§ **RECORDS TO USE**:
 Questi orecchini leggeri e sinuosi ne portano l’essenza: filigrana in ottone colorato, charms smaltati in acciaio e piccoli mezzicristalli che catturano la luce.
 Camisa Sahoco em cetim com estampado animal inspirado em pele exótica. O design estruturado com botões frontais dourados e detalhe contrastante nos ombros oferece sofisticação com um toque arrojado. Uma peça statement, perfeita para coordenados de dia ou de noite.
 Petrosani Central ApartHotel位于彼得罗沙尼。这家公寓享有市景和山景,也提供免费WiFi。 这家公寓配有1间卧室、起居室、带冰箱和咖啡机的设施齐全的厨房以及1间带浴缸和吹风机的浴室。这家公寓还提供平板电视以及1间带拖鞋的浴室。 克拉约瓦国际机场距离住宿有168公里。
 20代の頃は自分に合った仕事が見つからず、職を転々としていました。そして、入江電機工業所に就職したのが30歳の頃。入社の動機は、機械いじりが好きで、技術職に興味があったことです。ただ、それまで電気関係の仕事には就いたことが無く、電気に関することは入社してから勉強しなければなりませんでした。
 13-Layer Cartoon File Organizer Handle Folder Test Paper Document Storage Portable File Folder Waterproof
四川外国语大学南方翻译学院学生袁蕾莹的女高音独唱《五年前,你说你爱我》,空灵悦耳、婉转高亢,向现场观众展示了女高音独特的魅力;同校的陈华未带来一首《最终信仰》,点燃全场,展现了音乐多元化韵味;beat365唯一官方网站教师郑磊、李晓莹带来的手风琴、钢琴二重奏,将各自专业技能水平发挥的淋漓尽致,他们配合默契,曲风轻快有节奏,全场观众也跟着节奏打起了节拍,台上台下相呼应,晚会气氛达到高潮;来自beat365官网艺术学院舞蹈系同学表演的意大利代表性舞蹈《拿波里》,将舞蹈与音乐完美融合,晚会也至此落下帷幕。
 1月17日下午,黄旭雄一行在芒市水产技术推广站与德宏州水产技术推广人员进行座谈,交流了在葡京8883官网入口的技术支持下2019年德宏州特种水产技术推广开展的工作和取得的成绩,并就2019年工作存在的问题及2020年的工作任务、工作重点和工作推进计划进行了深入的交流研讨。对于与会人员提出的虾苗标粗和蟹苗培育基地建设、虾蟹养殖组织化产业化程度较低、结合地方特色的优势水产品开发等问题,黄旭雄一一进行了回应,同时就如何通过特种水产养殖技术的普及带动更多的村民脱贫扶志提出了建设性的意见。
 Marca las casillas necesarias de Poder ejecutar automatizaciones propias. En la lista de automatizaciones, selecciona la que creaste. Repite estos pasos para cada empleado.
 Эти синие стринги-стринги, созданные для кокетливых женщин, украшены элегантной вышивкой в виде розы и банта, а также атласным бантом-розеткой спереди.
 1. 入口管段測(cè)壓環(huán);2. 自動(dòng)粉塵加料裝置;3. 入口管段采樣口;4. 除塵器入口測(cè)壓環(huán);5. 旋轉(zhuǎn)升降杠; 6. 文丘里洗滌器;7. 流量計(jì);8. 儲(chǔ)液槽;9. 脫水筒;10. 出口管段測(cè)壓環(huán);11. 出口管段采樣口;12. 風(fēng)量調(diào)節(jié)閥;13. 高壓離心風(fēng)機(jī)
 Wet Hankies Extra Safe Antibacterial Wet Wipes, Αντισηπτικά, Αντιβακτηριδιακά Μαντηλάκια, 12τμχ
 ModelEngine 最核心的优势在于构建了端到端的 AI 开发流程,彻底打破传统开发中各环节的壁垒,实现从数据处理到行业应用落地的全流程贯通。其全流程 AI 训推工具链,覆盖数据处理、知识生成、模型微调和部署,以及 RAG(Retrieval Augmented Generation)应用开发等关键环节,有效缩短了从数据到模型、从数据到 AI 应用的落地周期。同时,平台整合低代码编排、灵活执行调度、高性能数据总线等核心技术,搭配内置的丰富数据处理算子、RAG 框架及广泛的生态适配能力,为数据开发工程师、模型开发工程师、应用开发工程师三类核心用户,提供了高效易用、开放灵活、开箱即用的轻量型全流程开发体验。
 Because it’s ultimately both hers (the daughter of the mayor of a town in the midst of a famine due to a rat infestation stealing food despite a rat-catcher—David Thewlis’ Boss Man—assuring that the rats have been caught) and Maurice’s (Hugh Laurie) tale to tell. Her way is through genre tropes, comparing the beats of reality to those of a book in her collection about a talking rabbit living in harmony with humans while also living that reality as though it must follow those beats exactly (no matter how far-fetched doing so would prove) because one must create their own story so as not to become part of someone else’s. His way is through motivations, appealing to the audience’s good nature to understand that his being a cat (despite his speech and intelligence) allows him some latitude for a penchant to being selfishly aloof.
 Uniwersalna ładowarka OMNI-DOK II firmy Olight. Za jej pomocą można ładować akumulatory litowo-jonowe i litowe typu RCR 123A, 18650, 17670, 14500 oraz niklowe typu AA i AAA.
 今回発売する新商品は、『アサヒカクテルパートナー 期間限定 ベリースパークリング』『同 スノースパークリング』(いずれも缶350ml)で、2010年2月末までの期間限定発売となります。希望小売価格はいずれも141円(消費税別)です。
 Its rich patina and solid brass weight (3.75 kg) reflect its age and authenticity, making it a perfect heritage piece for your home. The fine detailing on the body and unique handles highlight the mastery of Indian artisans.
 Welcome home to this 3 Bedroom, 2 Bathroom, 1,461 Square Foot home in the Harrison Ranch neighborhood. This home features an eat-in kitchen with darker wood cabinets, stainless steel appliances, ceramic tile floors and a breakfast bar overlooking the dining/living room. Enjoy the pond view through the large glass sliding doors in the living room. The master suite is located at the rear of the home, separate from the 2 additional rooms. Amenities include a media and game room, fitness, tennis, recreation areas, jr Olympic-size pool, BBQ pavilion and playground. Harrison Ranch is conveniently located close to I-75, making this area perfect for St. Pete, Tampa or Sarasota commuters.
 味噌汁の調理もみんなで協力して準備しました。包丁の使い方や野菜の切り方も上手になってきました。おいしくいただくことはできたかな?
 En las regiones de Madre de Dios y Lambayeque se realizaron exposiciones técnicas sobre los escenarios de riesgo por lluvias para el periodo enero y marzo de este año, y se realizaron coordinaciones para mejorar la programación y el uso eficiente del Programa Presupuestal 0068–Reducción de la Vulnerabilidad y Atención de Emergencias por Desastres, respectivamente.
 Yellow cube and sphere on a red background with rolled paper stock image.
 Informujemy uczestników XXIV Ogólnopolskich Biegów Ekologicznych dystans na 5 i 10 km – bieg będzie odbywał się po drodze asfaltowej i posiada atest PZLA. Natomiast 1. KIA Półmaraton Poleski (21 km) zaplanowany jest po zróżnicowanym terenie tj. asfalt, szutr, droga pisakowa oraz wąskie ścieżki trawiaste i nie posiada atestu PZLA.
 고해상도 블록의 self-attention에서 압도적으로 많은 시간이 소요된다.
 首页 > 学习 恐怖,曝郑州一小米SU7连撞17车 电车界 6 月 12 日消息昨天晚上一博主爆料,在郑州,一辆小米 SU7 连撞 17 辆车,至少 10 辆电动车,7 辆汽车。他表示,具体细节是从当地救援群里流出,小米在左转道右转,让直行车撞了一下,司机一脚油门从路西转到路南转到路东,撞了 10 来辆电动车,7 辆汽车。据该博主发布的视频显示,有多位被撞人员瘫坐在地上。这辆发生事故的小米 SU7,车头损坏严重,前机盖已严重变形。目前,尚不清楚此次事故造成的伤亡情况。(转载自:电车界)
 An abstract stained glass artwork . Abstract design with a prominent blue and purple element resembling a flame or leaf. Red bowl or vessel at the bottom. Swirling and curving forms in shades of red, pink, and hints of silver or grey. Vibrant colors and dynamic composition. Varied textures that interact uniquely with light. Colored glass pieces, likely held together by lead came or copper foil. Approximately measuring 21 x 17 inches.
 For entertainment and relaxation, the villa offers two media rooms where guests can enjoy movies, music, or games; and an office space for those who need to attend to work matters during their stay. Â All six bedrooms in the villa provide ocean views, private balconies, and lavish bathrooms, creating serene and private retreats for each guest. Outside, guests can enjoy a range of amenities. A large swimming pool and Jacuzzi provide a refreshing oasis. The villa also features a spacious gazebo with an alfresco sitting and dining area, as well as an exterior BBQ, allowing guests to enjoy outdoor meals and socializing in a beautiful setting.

§ **ACTIVITY**: Taking the entries above, write out exactly the lines starting with the line containing "Uniwersalna ładowarka OMNI-DOK" and going on through the line containing "Its rich patina", both included, and nothing else.

§ **WRITTEN SOLUTION**:
 Uniwersalna ładowarka OMNI-DOK II firmy Olight. Za jej pomocą można ładować akumulatory litowo-jonowe i litowe typu RCR 123A, 18650, 17670, 14500 oraz niklowe typu AA i AAA.
 今回発売する新商品は、『アサヒカクテルパートナー 期間限定 ベリースパークリング』『同 スノースパークリング』(いずれも缶350ml)で、2010年2月末までの期間限定発売となります。希望小売価格はいずれも141円(消費税別)です。
 Its rich patina and solid brass weight (3.75 kg) reflect its age and authenticity, making it a perfect heritage piece for your home. The fine detailing on the body and unique handles highlight the mastery of Indian artisans.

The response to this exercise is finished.